Brouwers, M. C., Kho, M. E., Browman, G. P., Burgers, J. S., Cluzeau, F., Feder, G., ... & Littlejohns, P. (2010). AGREE II: advancing guideline development, reporting and evaluation in health care. Canadian Medical Association Journal, 182(18), E839-E842.

Medisch Specialistische Richtlijnen 2.0 (2012). Adviescommissie Richtlijnen van de Raad Kwalitieit. https://www.demedischspecialist.nl/onderwerp/raad-kwaliteit

Ontwikkeling van Medisch Specialistische Richtlijnen: stappenplan. Kennisinstituut van Medisch Specialisten. Link: https://richtlijnendatabase.nl/over_deze_site/richtlijnontwikkeling.html

Schünemann H, Brożek J, Guyatt G, et al. GRADE handbook for grading quality of evidence and strength of recommendations. Updated October 2013. The GRADE Working Group, 2013. Available from http://gdt.guidelinedevelopment.org/central_prod/_design/client/handbook/handbook.html.

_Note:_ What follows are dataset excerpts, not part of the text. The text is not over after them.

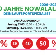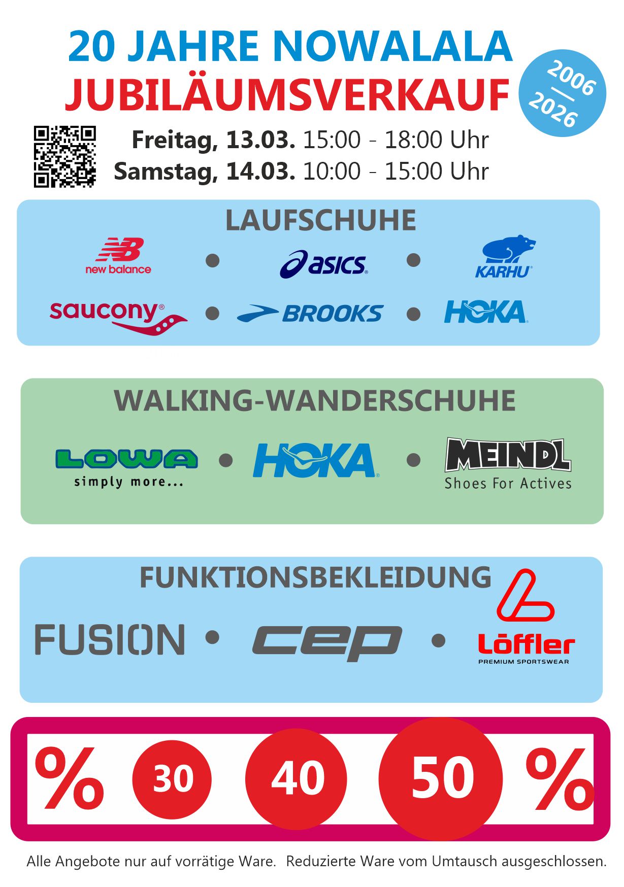 AllgemeinAm 13. und 14.03.2026 startet anlässlich unseres 20-jährigen Jubiläums unser großer Sonderverkauf mit vielen tollen Angeboten rund um Running, Walking, Wandern und Freizeit.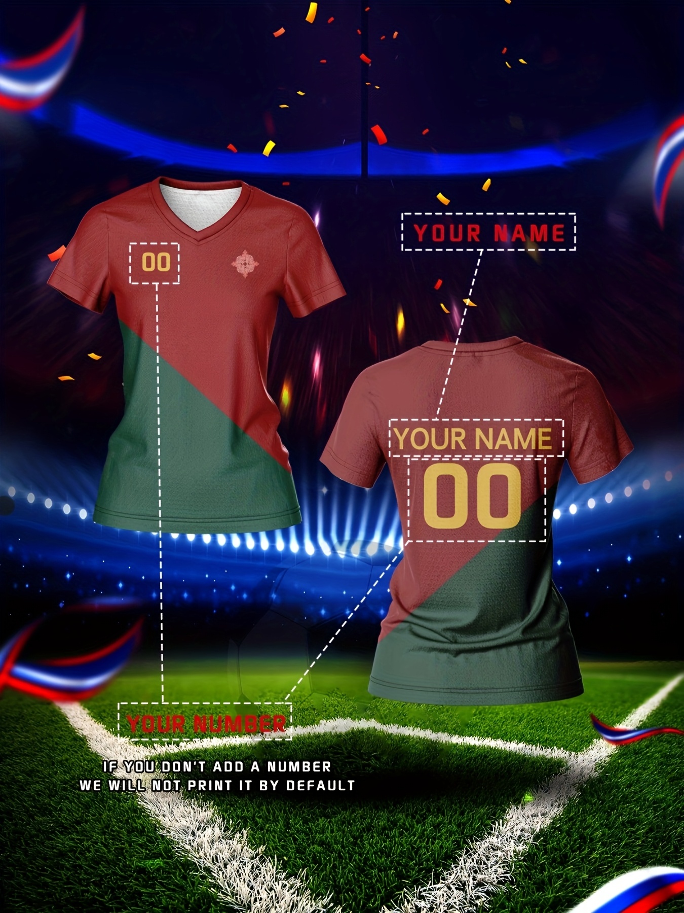 Custom Name and Number Women'S V-Neck Football Jersey Team Training Sportswear Comfortable Breathable Quick-Dry Casual Wear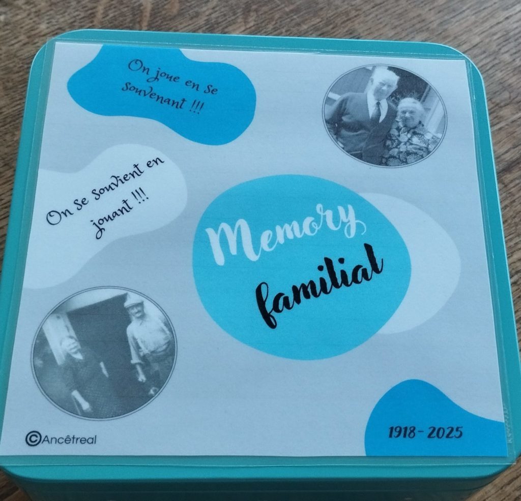 Rien de bien compliqué (mais je ne cache pas que cela m’a pris beaucoup de temps 🙂 . J’ai détourné mon jeu de mémory des années 70 en collant des photos (par paire) de notre famille. Des très récentes comme des très anciennes, avec en guise de clin d’oeil la photo de mariage de notre fille en 2025 et celle de nos grands-parents en 1918 ! Comme le verso des cartes n’était pas très reluisant, je l’ai recouvert de papier mauve sur lequel j’ai appliqué du vernis colle.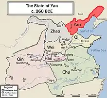La capitale de l'état était la ville de Ji (en) ou Jicheng (en) (chinois simplifié:薊城;chinois traditionnel:蓟城;pinyin:Jìchéng). La ville était située dans la partie sud-ouest de l'actuelle Pékin, juste au sud de Guang'anmen dans les districts de Xicheng et de Fengtai. Vers le VIIe siècle av. J.-C., Ji fut conquis par son voisin Yan, qui fit de la ville de Ji (en) sa capitale.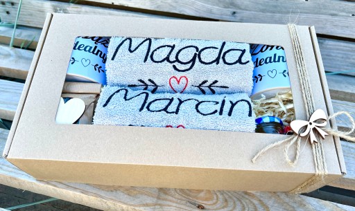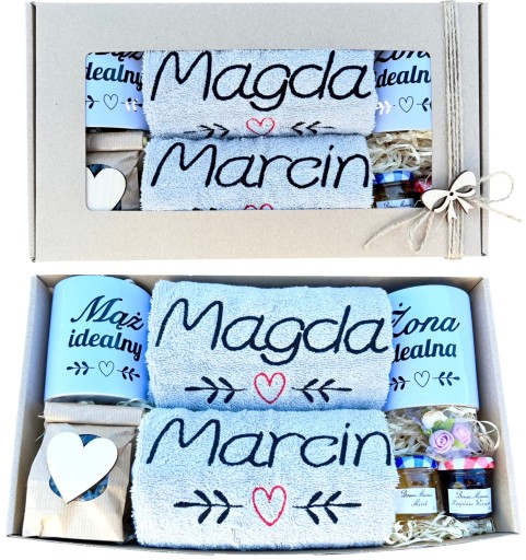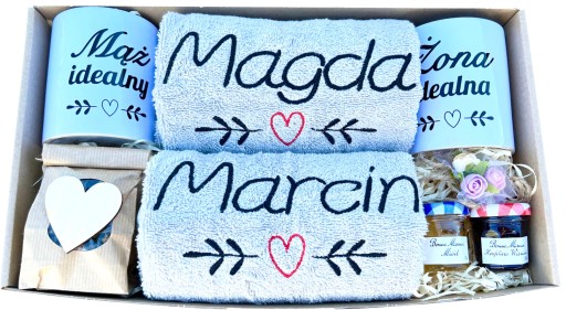 z grubej tektury z nadrukiem kwiatowego serca - pięknie się prezentuje i stanowi gotowy do wręczenia prezent. Po wyciągnięciu ręczników i kubków może posłużyć, jako doskonałe miejsce na pamiątki ze ślubu lub rocznicy ślubu.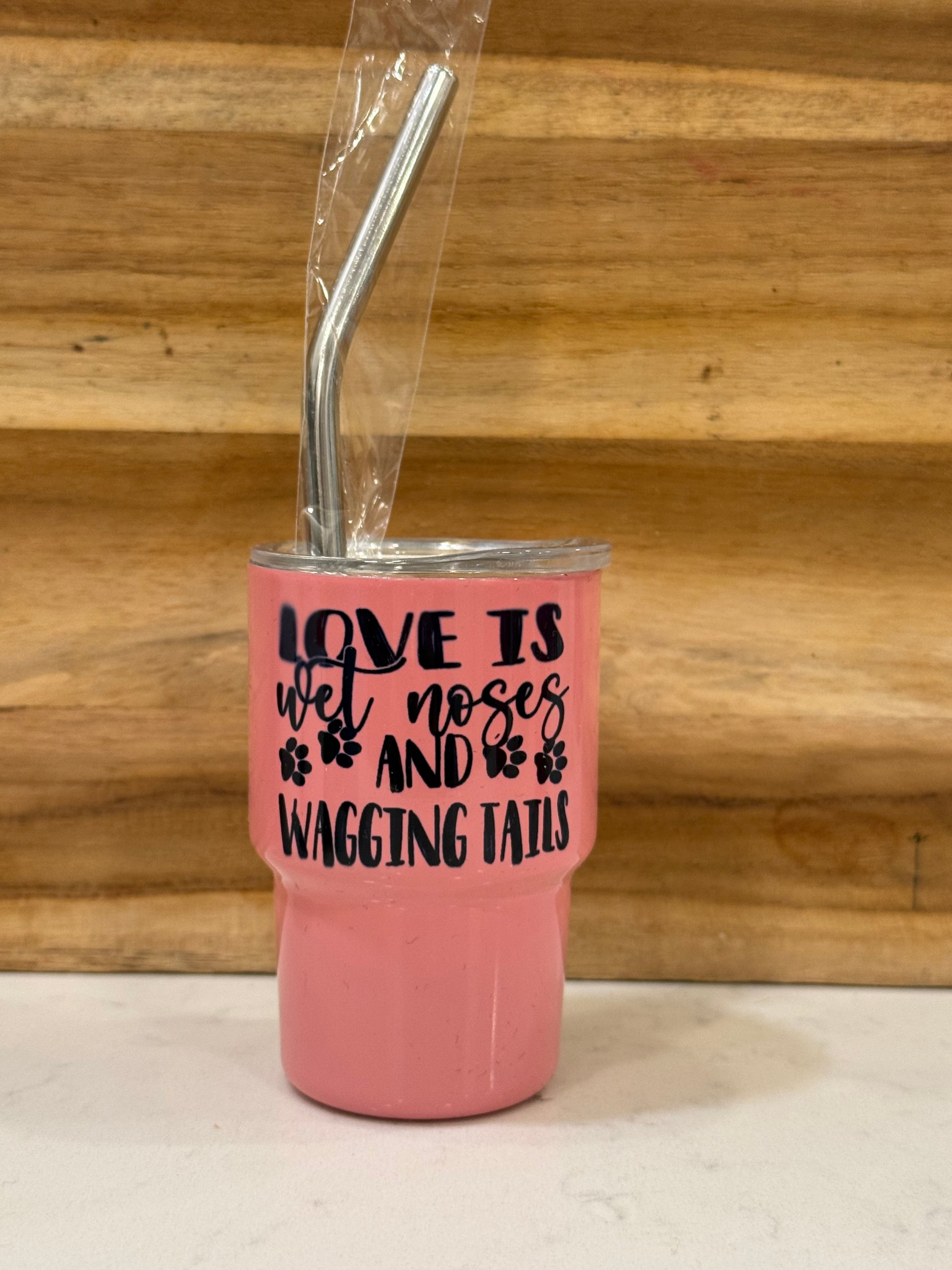 Love is wet noses and wagging tails 3 ounce mini shot glass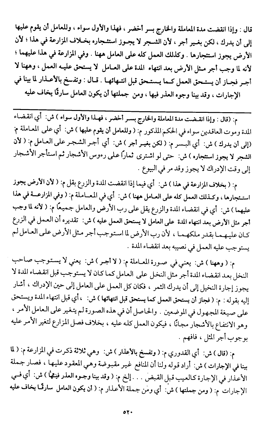 قال: وإذا انقضت مدة المعاملة والخارج بسر أخضر، فهذا والأول سواء، وللعامل أن يقوم عليها إلى أن يدرك، لكن بغير أجر، لأن الشجر لا يجوز استئجاره بخلاف المزارعة في هذا؛ لأن الأرض يجوز استئجارها. وكذلك العمل كله على العامل هاهنا. وفي المزارعة في هذا عليهما؛ لأنه لما وجب أجر مثل الأرض بعد انتهاء المدة على العامل لا يستحق عليه العمل، وهاهنا لا أجر فجاز أن يستحق العمل كما يستحق قبل انتهائها.

Schünemann, H. J., Oxman, A. D., Brozek, J., Glasziou, P., Jaeschke, R., Vist, G. E., ... & Bossuyt, P. (2008). Rating Quality of Evidence and Strength of Recommendations: GRADE: Grading quality of evidence and strength of recommendations for diagnostic tests and strategies. BMJ: British Medical Journal, 336(7653), 1106.

Wessels, M., Hielkema, L., & van der Weijden, T. (2016). How to identify existing literature on patients' knowledge, views, and values: the development of a validated search filter. Journal of the Medical Library Association: JMLA, 104(4), 320.